Work to complete:
In the records below, find the line containing "最初は展示室に入るのを嫌がっ" and the line containing "A portion of". Give again exactly those lines and every line between them, omitting the pictures.

Start of Block

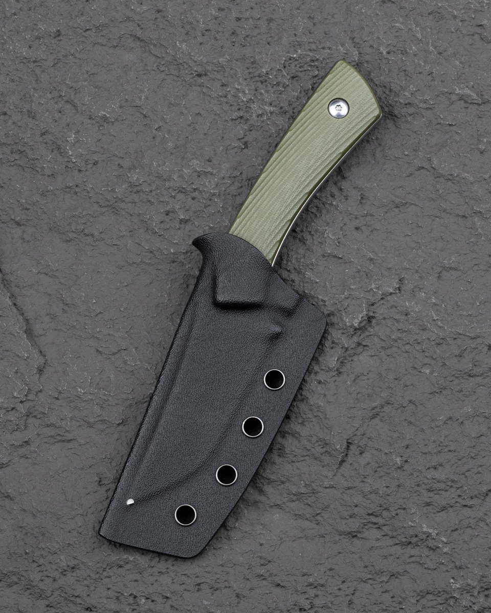 Rękojeść - z kompozytu G10 charakteryzuje się odpornością na uderzenia, wilgoć i zmienne warunki atmosferyczne. Jej tekstura i symetryczne podcięcia wzmacniają pewność chwytu, niezależnie od sytuacji. Konstrukcja full tang zapewnia integralność strukturalną i zwiększa stabilność podczas intensywnego użytkowania. Pochwa z kydexu, kompatybilna z wieloma systemami montażu, umożliwia wygodne i dyskretne przenoszenie noża – zarówno na pasie, jak i na oporządzeniu. To doskonale wyważone narzędzie do codziennego użytku i taktycznych zastosowań terenowych.
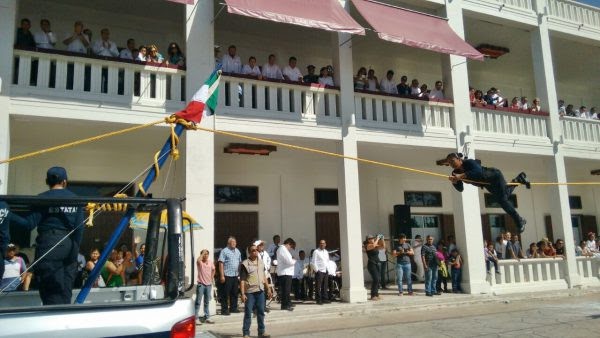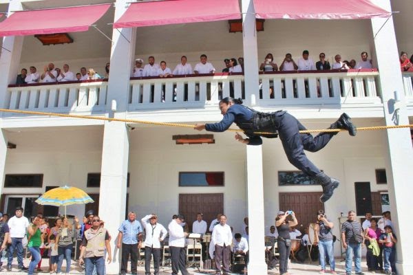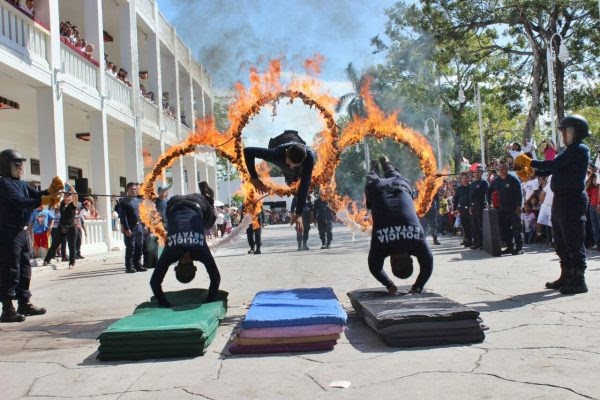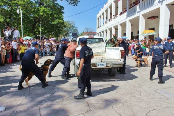 La mañana de ayer, un contingente de más de 100 agentes, dividido en 12 grupos, incluyendo a la escolta y banda de guerra, hizo gala de sus destrezas y maniobras policiales en demostraciones que provocaron un ambiente de seguridad y protección entre los asistentes, principalmente en los niños que acudieron a presenciar el despliegue en compañía de sus padres, lo que convirtió a la conmemoración de este año, en un evento familiar.
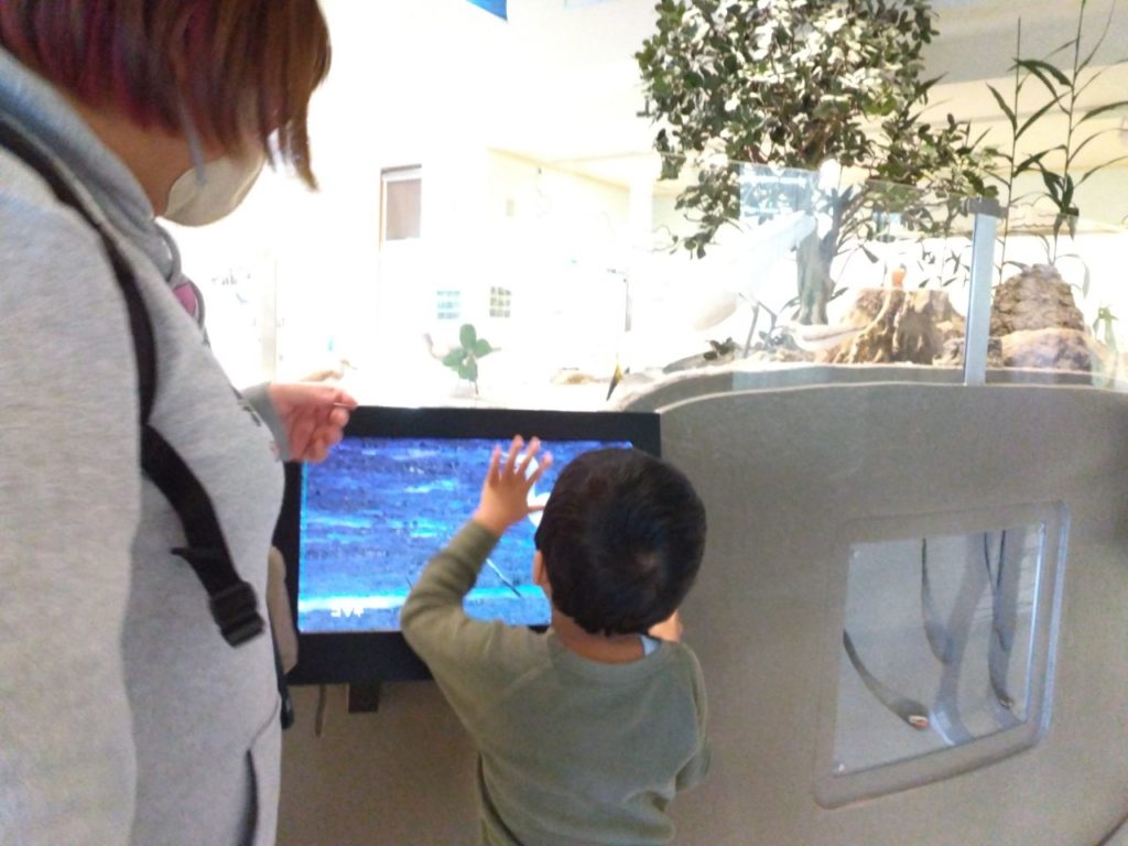 最初は展示室に入るのを嫌がっていましたが、モニターを見つけた後はスムーズに入ってくれました✨画面に映るさまざまな鳥🦢🦅を手で触ろうとしてました✋
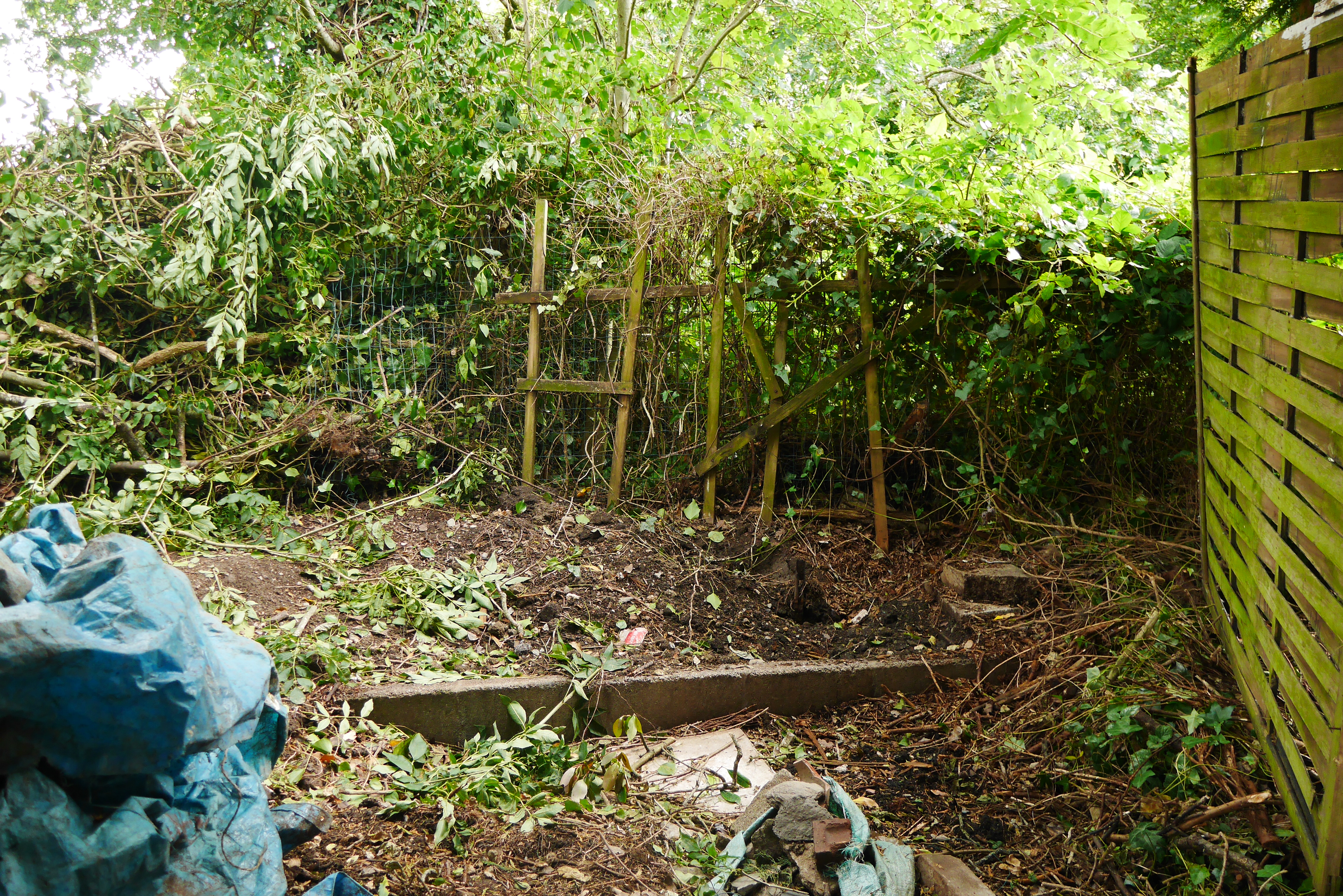 A portion of the garden appeared to be used as a dump by the previous homeowners with all sorts hidden by undergrowth. Concrete blocks, slabs, old fencing and even London bricks which may have originated from a local foundry. The space is now destined to house a multi-compartment pallet compost bin when I can get hold of the raw materials.
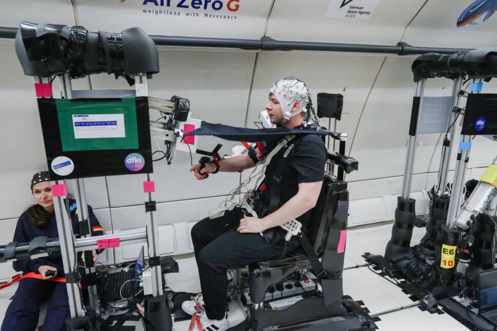 Im Projekt NoGravEx haben die Forschenden einen Ansatz weiterentwickelt, der die Mikrogravitation mit dem Exoskelett simuliert. Das System erkennt dabei das Gewicht der Arme einer Person und kompensiert es, sodass sich die Arme schwerelos anfühlen oder so schwer wie auf einem Planeten wie dem Mond. Um Daten für den Vergleich der echten mit der simulierten Schwerelosigkeit zu bekommen, nahmen die Forschenden vor wenigen Tagen an der 42. DLR-Parabelflugkampagne im französischen Bordeaux teil.
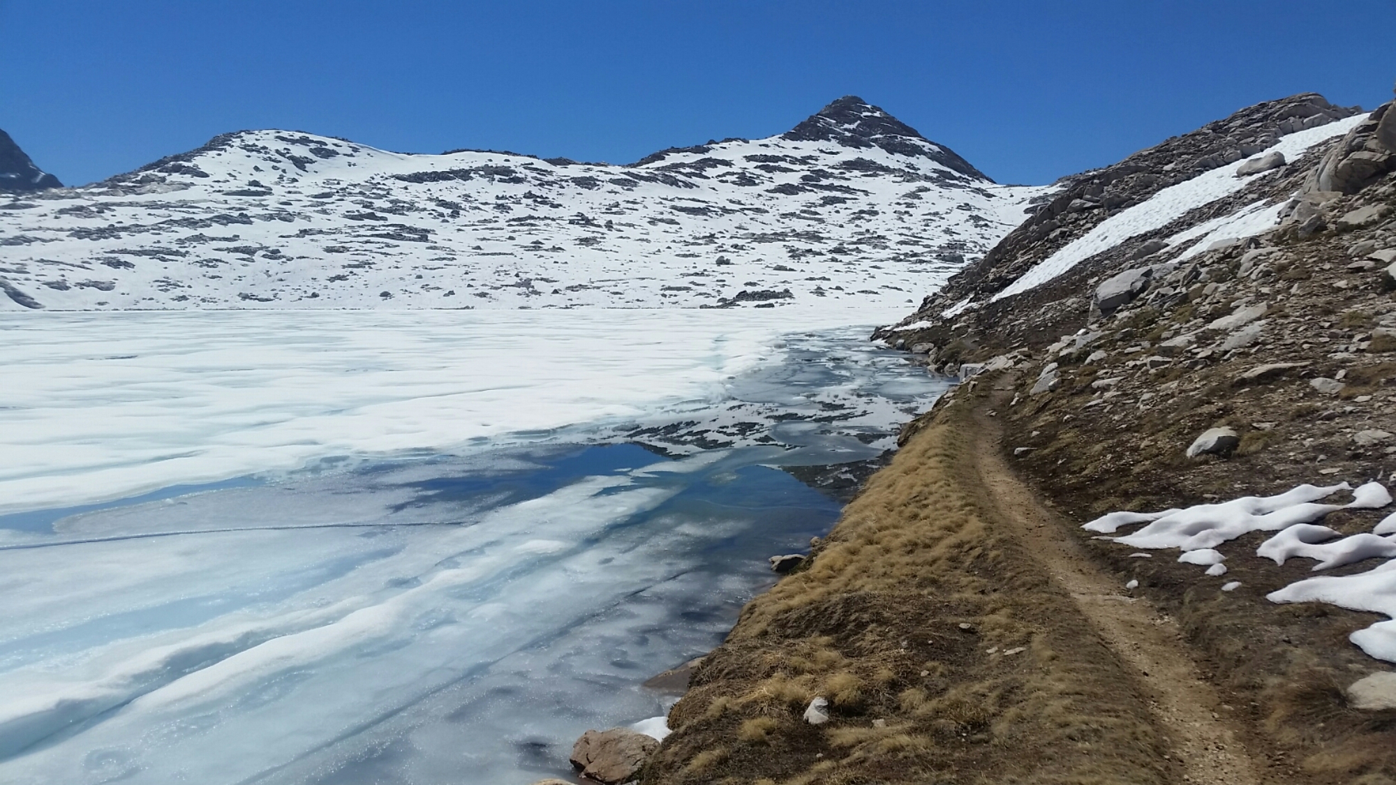 Frozen lakes and snow, the trail formed snow bridges over waterfalls and raging streams.

End of Block

Result of the exercise:
 最初は展示室に入るのを嫌がっていましたが、モニターを見つけた後はスムーズに入ってくれました✨画面に映るさまざまな鳥🦢🦅を手で触ろうとしてました✋
 A portion of the garden appeared to be used as a dump by the previous homeowners with all sorts hidden by undergrowth. Concrete blocks, slabs, old fencing and even London bricks which may have originated from a local foundry. The space is now destined to house a multi-compartment pallet compost bin when I can get hold of the raw materials.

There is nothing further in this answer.